题干:
Two pirates Polycarpus and Vasily play a very interesting game. They have n chests with coins, the chests are numbered with integers from 1 to n. Chest number i has aicoins.
Polycarpus and Vasily move in turns. Polycarpus moves first. During a move a player is allowed to choose a positive integer x (2·x + 1 ≤ n) and take a coin from each chest with numbers x, 2·x, 2·x + 1. It may turn out that some chest has no coins, in this case the player doesn't take a coin from this chest. The game finishes when all chests get emptied.

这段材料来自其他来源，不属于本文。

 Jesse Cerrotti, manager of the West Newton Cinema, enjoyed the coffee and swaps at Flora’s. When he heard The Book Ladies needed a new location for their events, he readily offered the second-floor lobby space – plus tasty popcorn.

Polycarpus isn't a greedy scrooge. Polycarpys is a lazy slob. So he wonders in what minimum number of moves the game can finish. Help Polycarpus, determine the minimum number of moves in which the game can finish. Note that Polycarpus counts not only his moves, he also counts Vasily's moves.
Input
The first line contains a single integer n (1 ≤ n ≤ 100) — the number of chests with coins. The second line contains a sequence of space-separated integers: a1, a2, ..., an (1 ≤ ai ≤ 1000), where ai is the number of coins in the chest number i at the beginning of the game.
Output
Print a single integer — the minimum number of moves needed to finish the game. If no sequence of turns leads to finishing the game, print -1.
Examples
Input
1 1
Output
-1
Input
3 1 2 3
Output
3
Note
In the first test case there isn't a single move that can be made. That's why the players won't be able to empty the chests.

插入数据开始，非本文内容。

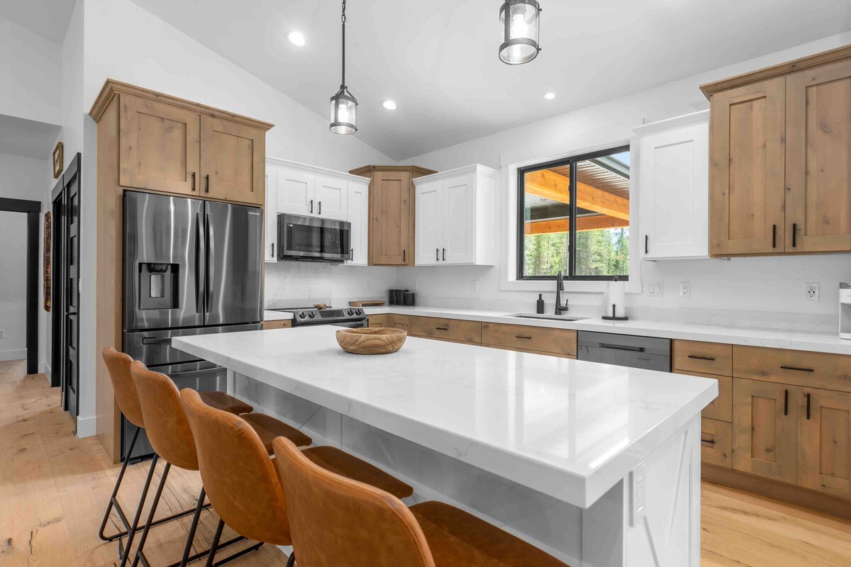 Ionad bunáite galánta 2 sheomra leapa nach bhfuil ach 10 nóiméad ó Pháirc Náisiúnta Glacier! Tá an tearmann cluthar tuaithe seo, atá foirfe do lánúineacha nó do theaghlaigh bheaga, feistithe le cistin iomlán, sorn tinteáin agus bealach isteach príobháideach. Níl ach 1 mhíle go dtí saoráidí an bhaile, rud a chuireann le háisiúlacht. Tabhair faoi deara: Tá sé in aice le beár, mar sin d'fhéadfadh go mbeadh roinnt torainn ann. Déan iniúchadh ar ár bpróifíl le haghaidh tuilleadh tréimhsí fanachta 5 réalta! Cuir ceist faoin bhfoirgneamh go léir a chur in áirithe! (spás codlata do suas le 15 dhuine)

In the second sample there is only one possible move x = 1. This move should be repeated at least 3 times to empty the third chest.
题目大意:
有n个盒子,告诉你每个盒子中小球的个数(盒子不空!!这很重要)。现在给你 一次操作 的定义:选择编号为x的盒子,从位置为x,2*x,2*x+1这三个盒子中各拿走一个球(如果盒子已空则不拿。)问你最少几次操作可以把所有盒子都拿空。如果无法达到目的,,则输出-1。
解题报告:
首先要知道何时是怎么也拿不走的,,,观察发现如果盒子是偶数个的话。。怎么都达不到目的。。或者盒子数小于3,也是这样。(因为我一次就要拿三个嘛)(读题啊读题啊!!英语啊英语啊!!)
解法就是倒着拿,,因为最右边的必须要拿走,并且拿走的方法很唯一那就是当成2*x+1那一项,所以我们肯定先拿右边的啊,顺道着就拿走了左边的了。。于是贪心emmm
其实这题不需要用while那样,,可以直接减到零,,但是这题数据量小,所以怎么搞都可以。。考察点在算法的设计而不在优化。。。
AC代码
#include<cstdio>
#include<iostream>
#include<algorithm>
#include<queue>
#include<map>
#include<vector>
#include<set>
#include<string>
#include<cmath>
#include<cstring>
#define ll long long
#define pb push_back
#define pm make_pair
#define fi first
#define se second
using namespace std;
const int MAX = 2e5 + 5;
ll a[MAX];
ll n,ans;
int main()
{
cin>>n;
for(int i = 1; i<=n; i++) scanf("%lld",a+i);
if(n%2 == 0 || n<3) {
puts("-1");return 0 ;
}
for(int i = n; i>=1; i--) {
while(a[i]>0) {
if(i&1) {
a[i]--;
a[i-1]--;
a[(i-1)>>1]--;
}
else {
a[i]--;
a[i+1]--;
a[i>>1]--;
}
ans++;
}
}
printf("%lld\n",ans);
return 0 ;
}